§ **What the task requires**: The output should match, line for line, the records from the line containing "Bracelet à quatre" through the line containing "A beautifully renovated", with every picture left out.

§ **Record extracts**:
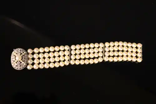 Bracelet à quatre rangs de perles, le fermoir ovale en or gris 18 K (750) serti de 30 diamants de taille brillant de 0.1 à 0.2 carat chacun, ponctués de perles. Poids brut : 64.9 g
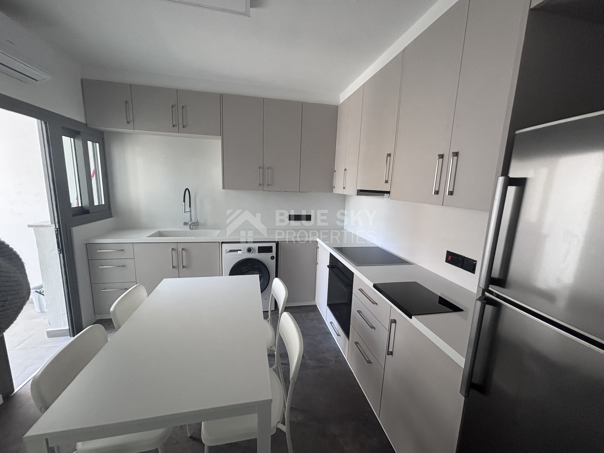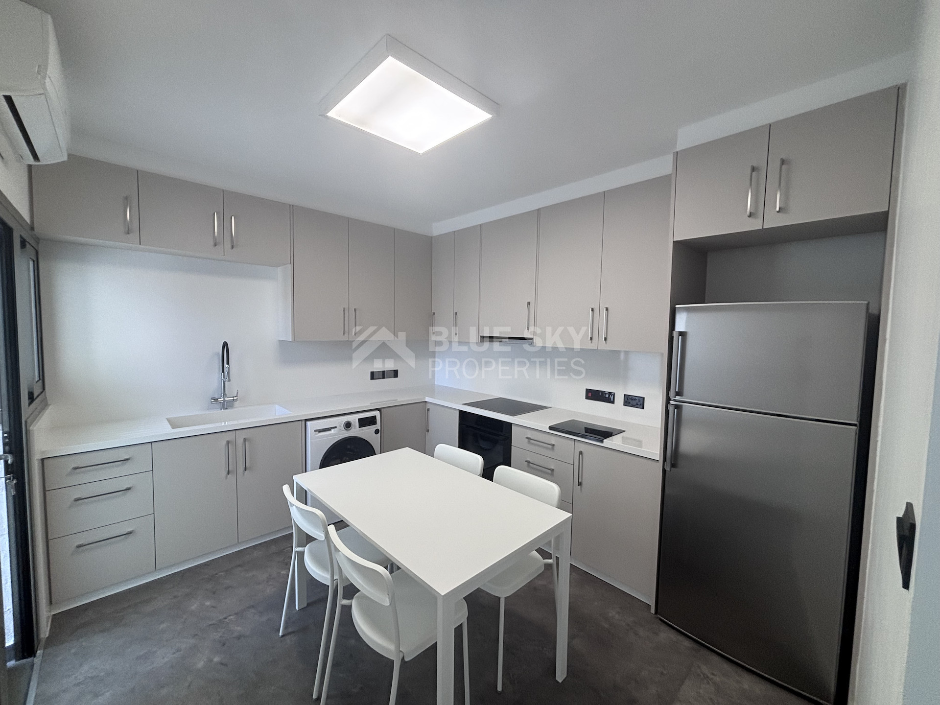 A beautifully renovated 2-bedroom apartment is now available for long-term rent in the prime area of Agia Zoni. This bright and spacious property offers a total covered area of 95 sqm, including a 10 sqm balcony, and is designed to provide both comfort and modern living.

--

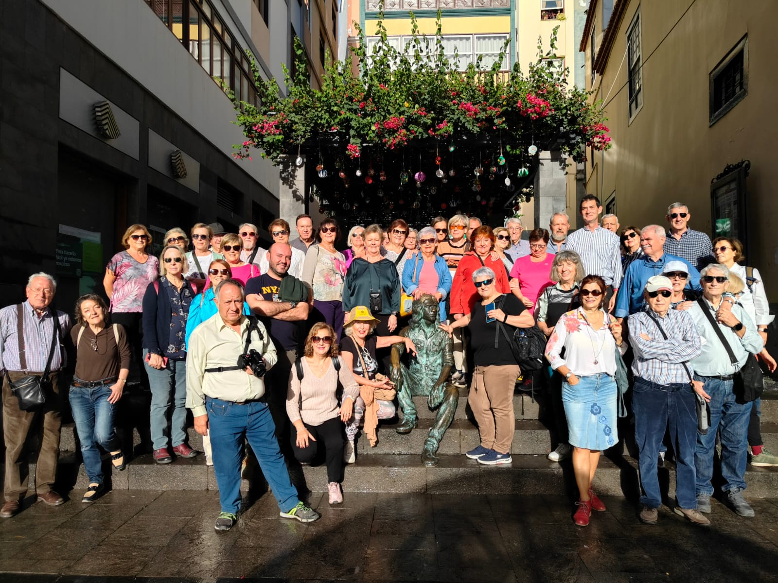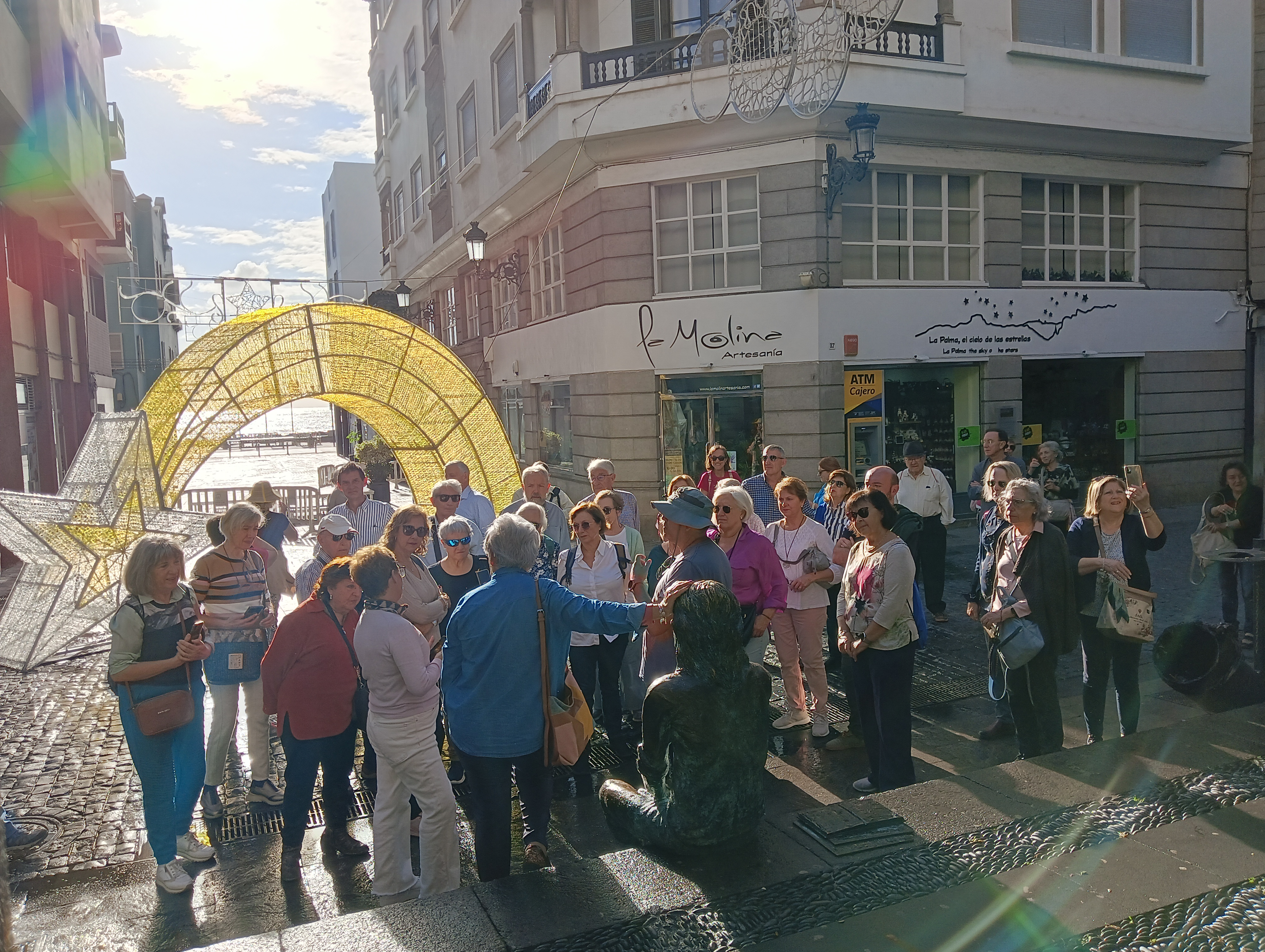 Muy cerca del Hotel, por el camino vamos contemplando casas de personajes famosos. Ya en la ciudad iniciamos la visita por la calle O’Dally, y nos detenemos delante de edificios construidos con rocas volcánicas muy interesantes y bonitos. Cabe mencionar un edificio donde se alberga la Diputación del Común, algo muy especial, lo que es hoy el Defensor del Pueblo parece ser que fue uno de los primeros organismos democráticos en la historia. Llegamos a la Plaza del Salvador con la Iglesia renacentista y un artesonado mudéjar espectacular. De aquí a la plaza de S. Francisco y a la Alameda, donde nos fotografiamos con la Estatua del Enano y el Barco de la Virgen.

* * *

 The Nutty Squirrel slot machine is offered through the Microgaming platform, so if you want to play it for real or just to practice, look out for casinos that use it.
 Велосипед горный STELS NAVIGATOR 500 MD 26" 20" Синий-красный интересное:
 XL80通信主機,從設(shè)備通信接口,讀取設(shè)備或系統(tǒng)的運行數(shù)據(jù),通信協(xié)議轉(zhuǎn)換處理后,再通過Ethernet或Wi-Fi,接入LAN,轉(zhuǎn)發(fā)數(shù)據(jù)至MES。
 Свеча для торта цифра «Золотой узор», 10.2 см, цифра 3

§ **Output for this task**:
 Bracelet à quatre rangs de perles, le fermoir ovale en or gris 18 K (750) serti de 30 diamants de taille brillant de 0.1 à 0.2 carat chacun, ponctués de perles. Poids brut : 64.9 g
 A beautifully renovated 2-bedroom apartment is now available for long-term rent in the prime area of Agia Zoni. This bright and spacious property offers a total covered area of 95 sqm, including a 10 sqm balcony, and is designed to provide both comfort and modern living.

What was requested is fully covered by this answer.